L'un pour 2018 et l'autre pour 2019, ils devront faire oublier à ses contempteurs le sacre de Bob Dylan en 2016 et celui du rachat – pour certains trop consensuel – de Kazuo Ishiguro en 2017.
L'Académie, privée du quorum de membres siégeant prévu dans ses statuts pour désigner un lauréat Nobel, avait dû renoncer l'an dernier, et reporter l'annonce d'un an, pour la première fois depuis la Seconde Guerre mondiale.
Après des démissions en chaîne et l'intervention du roi pour réformer les statuts, les gardiens du temple, leurs illusions perdues, aspirent à refermer le livre d'une funeste comédie humaine et ne plus désormais parler que de prose et de vers.
De vers, et surtout de prose. Comme chaque année depuis 1901, les salons bruissent d'une pléiade de noms, quand bien même l'académie garde secret jusqu'au dernier instant le vote de ses 18 membres, et font la part belle aux romanciers. En témoigne le palmarès Nobel.

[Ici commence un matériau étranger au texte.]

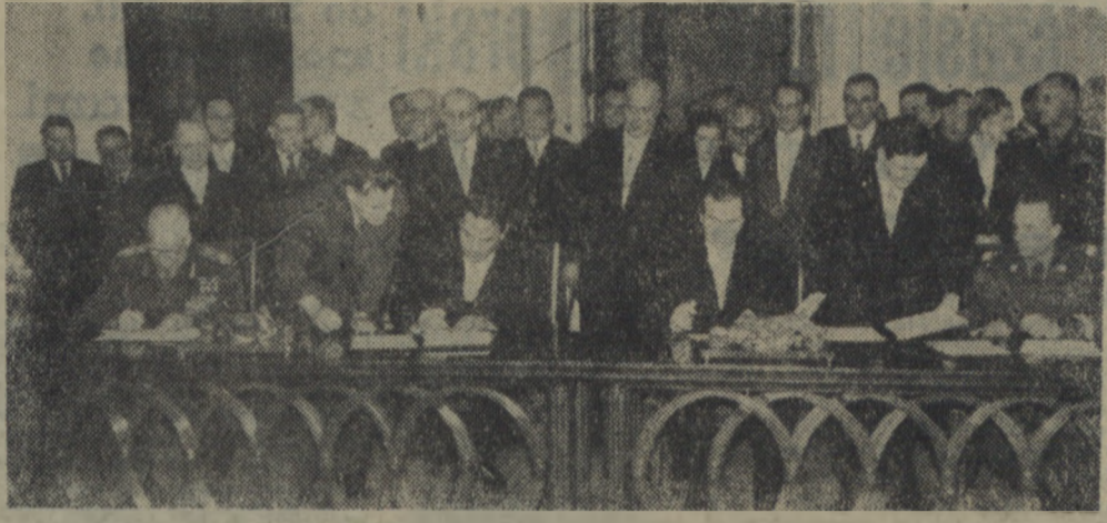
Na zdjęciu: układ podpisują ze strony polskiej: minister spraw zagranicznych A. Rapacki i minister obrony narodowej gen. dyw. M. Spychalski, ze strony radzieckiej: minister spraw zagranicznych ZSRR D. T. Szepilow i minister obrony narodowej ZSRR marszałek G. K. Zukow.

La Française Maryse Condé, le Kényan Ngugi Wa Thiong'o et la Canadienne Anne Carson – une poétesse! – tiennent la corde.
Les noms des lauréats du Nobel de littérature doivent être dévoilés à 13h00 (11h00 GMT).
Les critiques interrogés par l'AFP prédisent des choix consensuels, dont celui d'au moins une femme, peut-être la Chinoise Can Xue, la Russe Lioudmila Oulitskaïa, l'Américaine Joyce Carol Oates, ou encore la Polonaise Olga Tokarczuk.
Le prix de littérature a honoré 14 femmes seulement pour 100 hommes depuis la création des Nobel en 1901.
Chez les hommes, sont avancés les noms du poète et romancier roumain Mircea Cartarescu, du Japonais Haruki Murakami, du Français Milan Kundera, mais aussi de l'Italien Claudio Magris, du Portugais Antonio Lobo Antunes, ou de l'Américain Don DeLillo.
Pour Svante Weyler, écrivain et ancien éditeur, l'Académie et le prix peuvent retrouver leurs lettres de noblesse "mais seulement par un choix judicieux des lauréats".
Selon lui, l'académie" optera pour des auteurs d'un certain classicisme, jouissant pour l'un d'une grande considération dans les milieux littéraires, et pour l'autre des faveurs du public. Et "absolument pas quelqu'un pouvant provoquer une controverse politique", prédit-il.
Fossoyeur de l'académie
La France, plus que toute autre nation, a souvent eu les honneurs des académiciens depuis la création du Nobel, décerné pour la première fois en 1901 au poète Sully Prudhomme. Elle compte à ce jour 15 lauréats.
Et c'est par un Français qu'est venu le scandale, en novembre 2017, lorsque 18 femmes (autant que d'académiciens) témoignant dans le grand quotidien Dagens Nyheter ont accusé de harcèlement, d'agression sexuelle et de viol une personnalité du monde culturel stockholmois.
Cette personnalité, c'est Jean-Claude Arnault, propriétaire d'un club underground couru de la capitale, où l'aristocratie des arts et de la pensée s'enivre le dimanche de Proust et de vin.
Marié à une académicienne, Jean-Claude Arnault recevait de généreux subsides de l'académie, se vantait d'en être le "19e membre" et, selon des témoins, soufflait le nom des futurs lauréats du Nobel à ses amis.
Parfois qualifié de "fossoyeur de l'Académie", il a été définitivement condamné à deux ans et demi de prison pour viol.
Au-delà de son volet purement judiciaire, l'affaire a mis au jour le huis clos vicié d'une institution rongée par les intrigues et les prébendes, insultant le récit national d'un royaume luthérien édifié sur les valeurs de transparence, de probité et d'égalité.
L'Académie suédoise, créée en 1786 sur le modèle de son aînée française, a été réduite en cendres par l'opprobre, les batailles d'influence et les pamphlets de gazette échangés comme des soufflets entre hussards de la vieille garde et dragons de la relève.
Le faix de la réhabilitation échoit désormais à Mats Malm, élu nouveau secrétaire perpétuel.
Ce professeur d'université, historien de la littérature, doit s'assurer que la "Svenska Akademien" observe à la lettre le testament d'Alfred Nobel qui entend honorer "la personne ayant produit dans le domaine littéraire l'oeuvre d'inspiration idéaliste la plus remarquable".